» **PROBLEM DETAILS**: Give the lines again exactly as they appear, beginning at the one with "在无锡商业航天展示馆拍摄的火箭发动机模型(2024年9月9日摄) 杨磊摄/本刊" and ending at the last line of the records.

[Records from a data collection]

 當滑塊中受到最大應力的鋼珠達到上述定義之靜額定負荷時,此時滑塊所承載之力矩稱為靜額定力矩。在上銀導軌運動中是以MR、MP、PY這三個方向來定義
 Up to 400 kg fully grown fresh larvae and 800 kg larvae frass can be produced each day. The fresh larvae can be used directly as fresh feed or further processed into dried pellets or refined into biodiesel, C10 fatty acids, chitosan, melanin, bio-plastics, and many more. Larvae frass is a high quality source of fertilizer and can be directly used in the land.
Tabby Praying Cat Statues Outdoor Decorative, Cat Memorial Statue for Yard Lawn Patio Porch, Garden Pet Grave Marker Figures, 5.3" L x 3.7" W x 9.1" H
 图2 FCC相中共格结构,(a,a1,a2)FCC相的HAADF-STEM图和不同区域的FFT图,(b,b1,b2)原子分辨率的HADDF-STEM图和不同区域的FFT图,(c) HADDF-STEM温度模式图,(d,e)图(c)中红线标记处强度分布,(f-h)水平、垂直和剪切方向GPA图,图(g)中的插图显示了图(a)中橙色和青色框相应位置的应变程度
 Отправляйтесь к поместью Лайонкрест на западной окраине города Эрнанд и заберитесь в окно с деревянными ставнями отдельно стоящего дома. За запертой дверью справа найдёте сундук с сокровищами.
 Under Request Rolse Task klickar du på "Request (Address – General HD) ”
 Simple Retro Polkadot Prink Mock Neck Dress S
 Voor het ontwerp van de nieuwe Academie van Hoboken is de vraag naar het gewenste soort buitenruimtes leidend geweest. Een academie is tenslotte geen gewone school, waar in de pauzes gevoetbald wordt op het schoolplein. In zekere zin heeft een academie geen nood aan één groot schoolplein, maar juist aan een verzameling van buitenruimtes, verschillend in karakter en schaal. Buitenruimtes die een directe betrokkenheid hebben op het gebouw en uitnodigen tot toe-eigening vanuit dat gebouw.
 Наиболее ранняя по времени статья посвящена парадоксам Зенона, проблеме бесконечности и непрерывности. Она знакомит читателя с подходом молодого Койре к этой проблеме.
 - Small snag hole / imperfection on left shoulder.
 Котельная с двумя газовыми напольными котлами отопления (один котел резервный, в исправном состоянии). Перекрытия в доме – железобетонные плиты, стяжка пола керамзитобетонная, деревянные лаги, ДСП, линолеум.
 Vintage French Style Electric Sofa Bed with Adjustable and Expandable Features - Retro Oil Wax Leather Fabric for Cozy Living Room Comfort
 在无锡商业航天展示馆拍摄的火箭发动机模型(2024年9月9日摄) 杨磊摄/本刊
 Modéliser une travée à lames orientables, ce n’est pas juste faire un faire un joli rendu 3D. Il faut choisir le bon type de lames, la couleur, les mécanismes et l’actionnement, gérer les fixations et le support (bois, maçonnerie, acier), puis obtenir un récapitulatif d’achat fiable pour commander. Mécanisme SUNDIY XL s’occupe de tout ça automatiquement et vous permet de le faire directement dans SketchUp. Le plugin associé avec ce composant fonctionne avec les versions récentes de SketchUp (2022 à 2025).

» **EXPECTED OUTPUT**:
 在无锡商业航天展示馆拍摄的火箭发动机模型(2024年9月9日摄) 杨磊摄/本刊
 Modéliser une travée à lames orientables, ce n’est pas juste faire un faire un joli rendu 3D. Il faut choisir le bon type de lames, la couleur, les mécanismes et l’actionnement, gérer les fixations et le support (bois, maçonnerie, acier), puis obtenir un récapitulatif d’achat fiable pour commander. Mécanisme SUNDIY XL s’occupe de tout ça automatiquement et vous permet de le faire directement dans SketchUp. Le plugin associé avec ce composant fonctionne avec les versions récentes de SketchUp (2022 à 2025).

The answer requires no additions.